When I asked, jet-lagged, where we’d spend my first night in Paris, he said matter-of-factly, according to Lily again, “Wherever we sit, we sleep.”
Fortunately, it was raining so hard that we checked into a hotel instead.
I have fonder memories of celebrating my younger daughter Gracie’s seventh birthday in Paris, with a superb mocha cake at the Ladurée on the Champs-Élysées. And chasing her down the tree-lined boulevard as she sped off on the brand new Razor scooter we’d secreted in the overhead luggage bin on the plane and surprised her with at her party.
I turned on the TV in the living room to follow the attacks—for once the “breaking news” boasted on the screen was actually breaking—and continued to do so live on my phone’s CNN app as I took a bath. Still having not told Debbie, who was in our bedroom reading.

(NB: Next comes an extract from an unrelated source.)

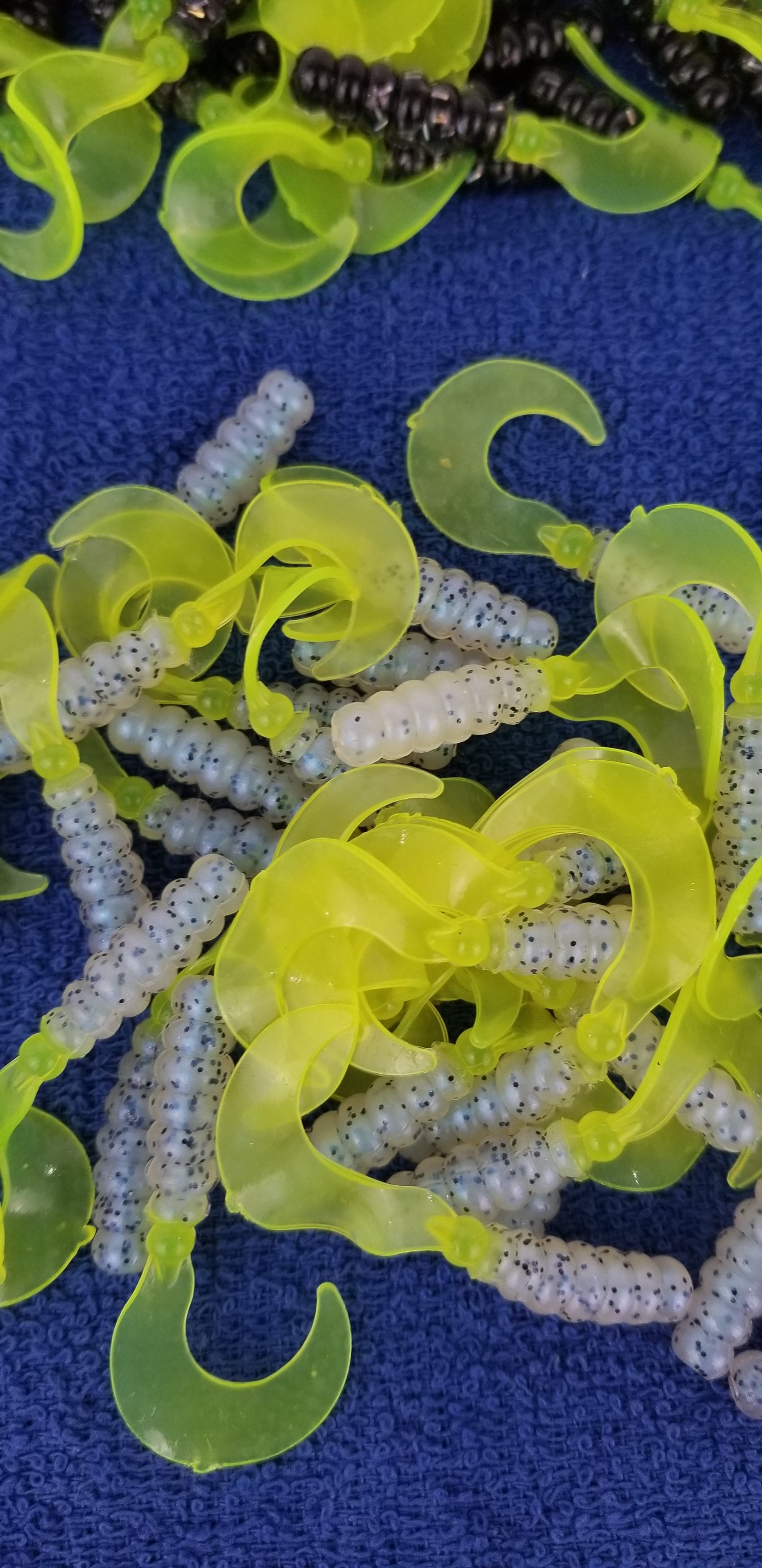 Cam's 2"(HOLOGRAM FLAKE) RED BLACK & CHARTREUSE/MONKEY MILK & CHARTREUSE 100pc (SPLIT SET) Curly Tail Crappie Soft Jigs [A Cam's Exclusive]
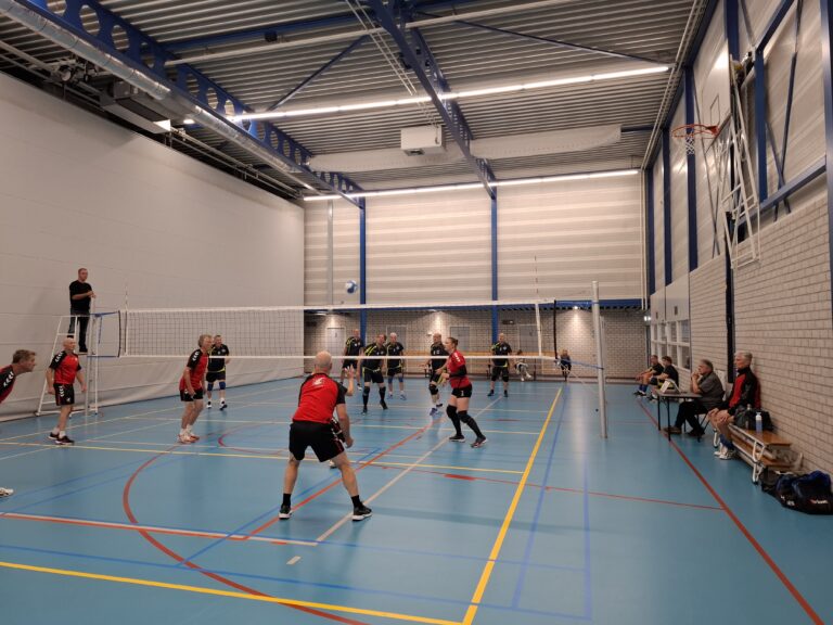 Om weer een beetje terug te komen naar de realiteit spreken we nu dus over de sporthal Achter de Haof, daar waar de clash plaats ging vinden. Echter niet eerder dan dat we de koffie en vlaai genoten hadden. Pup probeerde met extreem grote stukken ons alvast een stukje zwaarder te maken zodat we niet zo hoog zouden springen, maar dat werd weer teniet gedaan door de nethoogte. Deze ligt bij de oude mannen uit Kessel namelijk 8 centimeter lager dan bij die uit het Noorden des lands, makkie dus voor ons…

When I returned to the living room she joined me, but I hardly said a word. The images and words on the screen spoke for themselves.
It occurred to me—as the news from the soccer match at the Stade de France, the restaurant shootings, and the still-developing hostage situation at the Bataclan theater arrived—that as horrific as the situation in Paris seemed to be, 9/11 had been much worse.
So why was this event so shocking?
Does the memory of everything, even the collapse of the Twin Towers and the death of thousands, fade over time?
I don’t think that’s what it was. I visited Ground Zero a week after the attacks. And what most struck me was that the destruction—the 110-story skyscrapers reduced to smoldering rubble, the surrounding buildings with huge holes gouged by the falling debris—was of a scale typically associated with natural disasters.
Yet it had been accomplished by human planning. People had made a decision that chaos was more attractive than order, death than life.
New York City is a monument to ambition. But Paris, perhaps more than any other city I’ve visited, is a rolling celebration of life.
The architecture is routinely beautiful. The generosity of its boulevards suggest that something other than maximizing real estate values was at work in their planning. The city isn’t divided, but united, by a river with beautiful bridges to linger over.
And best of all, the outdoor cafes serve as testimony that what matters most is air and light, food and drink, and perhaps socializing and people-watching above all else.
The terrorists attacked what it means most to be human in the most human of cities.